* **Task**:
Make an exact copy, from the records below, of the lines from the line containing "Exclusively available at" to the line containing "Fig 5. Crank Connecting Rod.", both lines included, excluding pictures.

* **Records to use**:

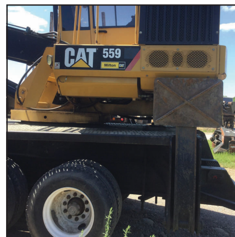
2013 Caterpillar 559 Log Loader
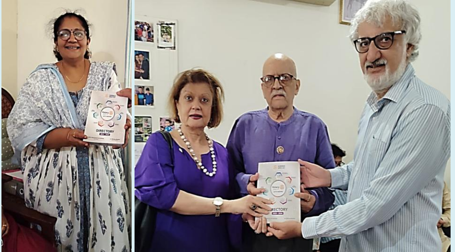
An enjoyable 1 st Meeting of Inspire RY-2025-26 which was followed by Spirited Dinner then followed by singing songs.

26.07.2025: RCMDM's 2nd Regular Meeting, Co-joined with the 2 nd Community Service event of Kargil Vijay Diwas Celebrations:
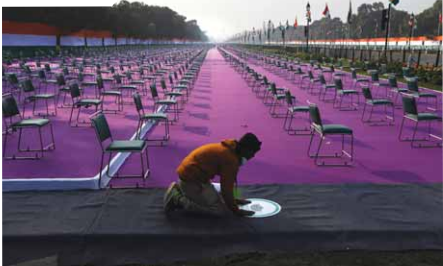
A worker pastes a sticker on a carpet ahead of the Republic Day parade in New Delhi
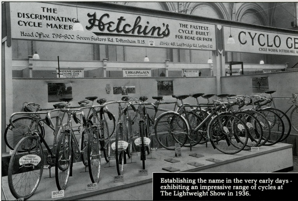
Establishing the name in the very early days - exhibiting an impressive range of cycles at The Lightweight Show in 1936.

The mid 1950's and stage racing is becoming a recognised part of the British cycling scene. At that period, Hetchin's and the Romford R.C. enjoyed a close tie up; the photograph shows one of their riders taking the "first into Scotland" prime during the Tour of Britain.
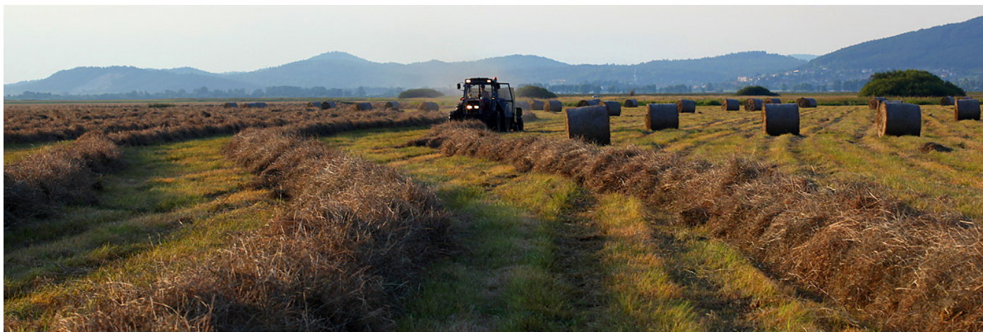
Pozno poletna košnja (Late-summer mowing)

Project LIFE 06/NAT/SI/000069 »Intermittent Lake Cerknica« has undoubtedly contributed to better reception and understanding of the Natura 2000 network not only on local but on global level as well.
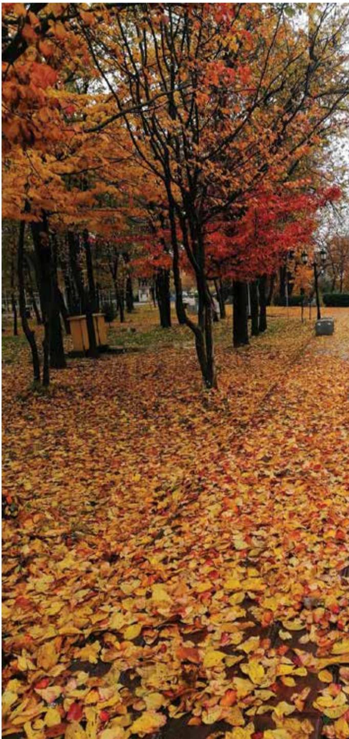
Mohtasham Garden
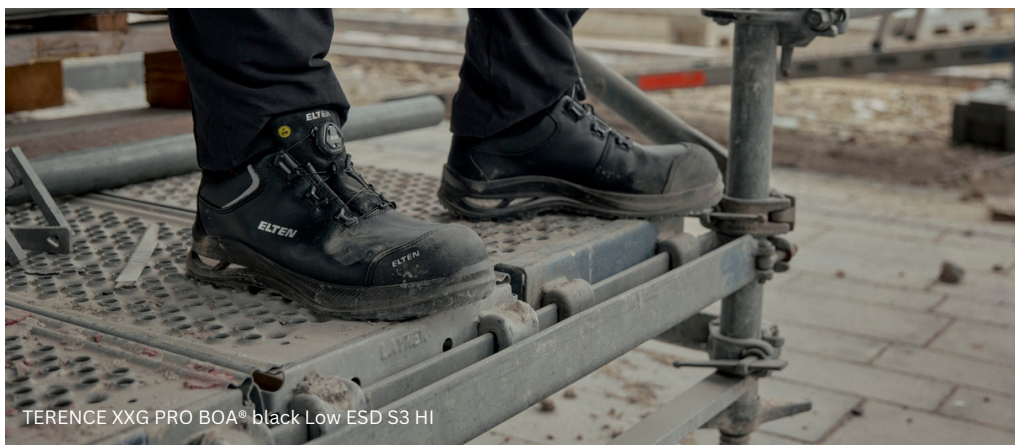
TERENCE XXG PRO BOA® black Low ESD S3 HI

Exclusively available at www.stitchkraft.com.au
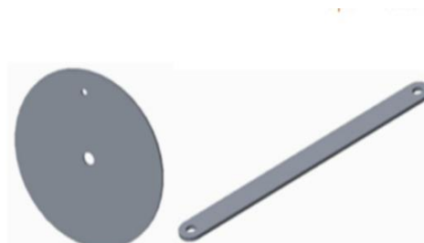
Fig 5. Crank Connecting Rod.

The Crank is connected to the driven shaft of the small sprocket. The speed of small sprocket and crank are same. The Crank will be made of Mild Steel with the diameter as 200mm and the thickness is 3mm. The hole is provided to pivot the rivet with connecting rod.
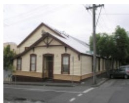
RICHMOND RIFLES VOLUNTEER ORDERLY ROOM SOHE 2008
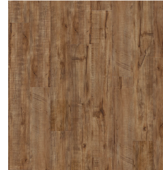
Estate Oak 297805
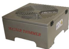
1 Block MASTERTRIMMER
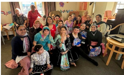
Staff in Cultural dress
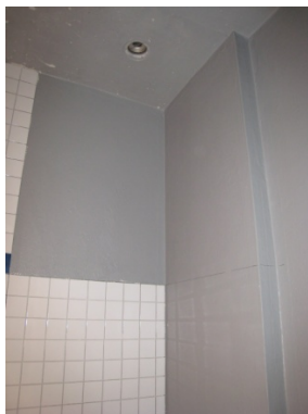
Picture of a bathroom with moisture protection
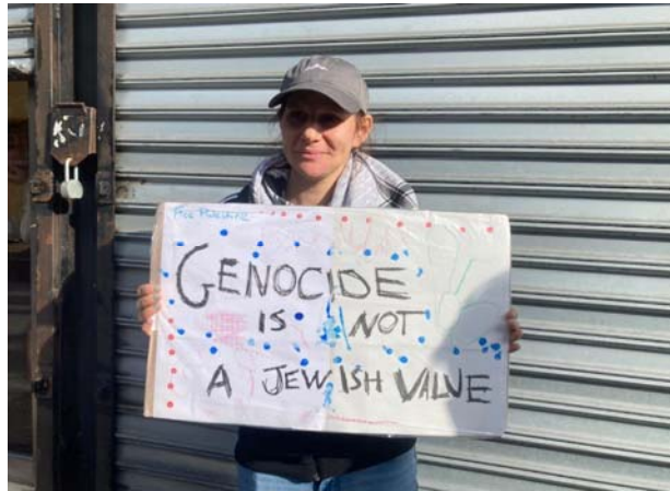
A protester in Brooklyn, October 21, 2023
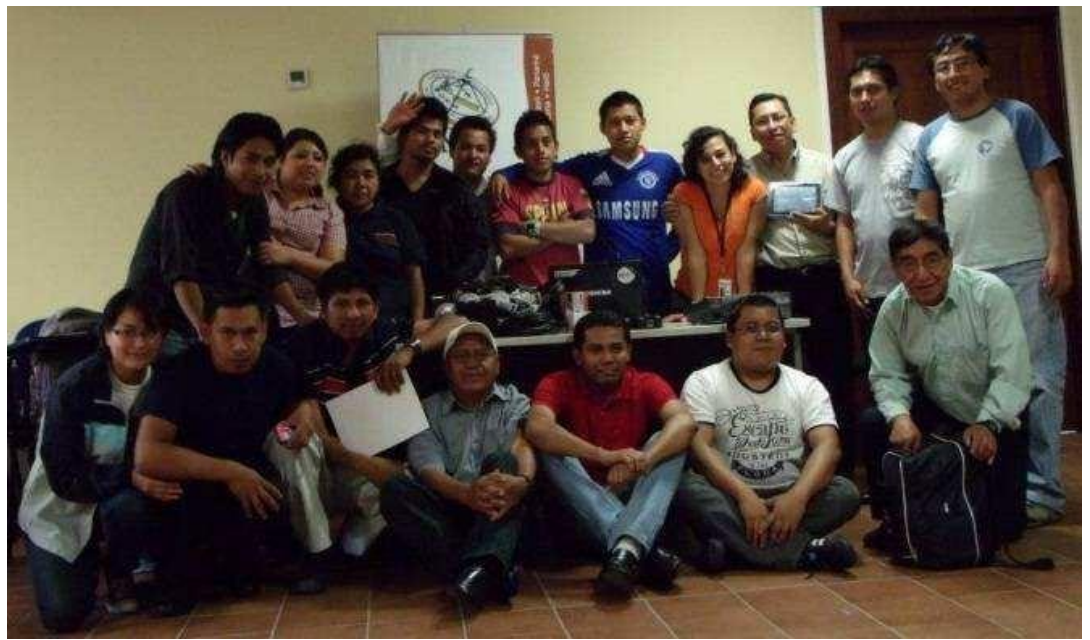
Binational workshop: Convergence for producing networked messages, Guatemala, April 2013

* **Solution to this problem**:
Exclusively available at www.stitchkraft.com.au
Fig 5. Crank Connecting Rod.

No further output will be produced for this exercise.